Now, just a tenth of that time ago (10,000th of our time on Earth), we have seen half a century of war, market booms and crashes and a number of cultural revolutions. The pop-culture became very strongly associated with a generation’s identity. The personal computer was found in most western schools and increasingly, it became an important device in every household. The internet had existed in military and academic groups for some time and was soon to emerge on a world stage and reshape the Age of Information.

Now, just a tenth of that time ago (100,000 of our time on Earth), personal computers were being out competed by pocket sized, touch screen tablets that could make full use of the world wide web almost anywhere, at any time and also provided video phone calls even more readily. Social networking became an integral part of the lives millions of people across the planet (in many cases, to the point of being a distraction) – so much so that it was possible to have a near complete virtual identity online.

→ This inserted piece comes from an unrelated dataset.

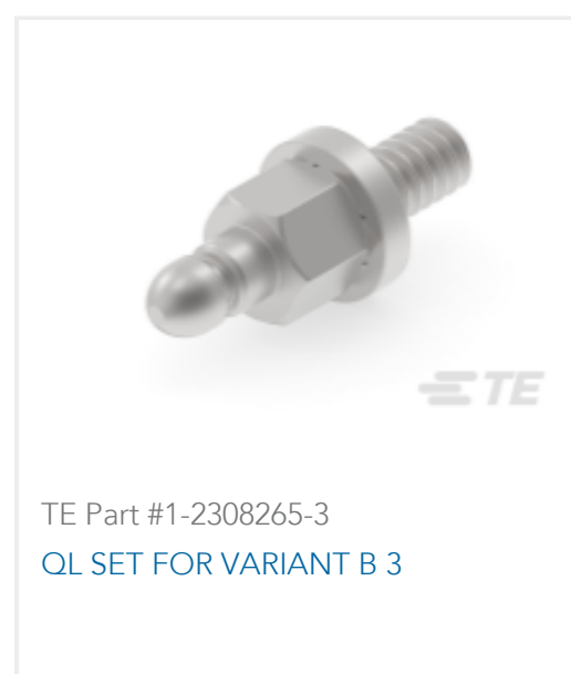
TE Part #1-2308265-3 QL SET FOR VARIANT B 3

When you look at human history through logarithmic snap shots like this, it becomes truly amazing what we have achieved in recent history.

If the birth of humanity was kilometre from where we stand today, Rome in its glory and the first notes that would become the New Testament  are only 10 metres away, the industrial revolution, barely over a metre away, the first personal computers on the market, around 10 centimetres away and your Ipod is still in your pocket.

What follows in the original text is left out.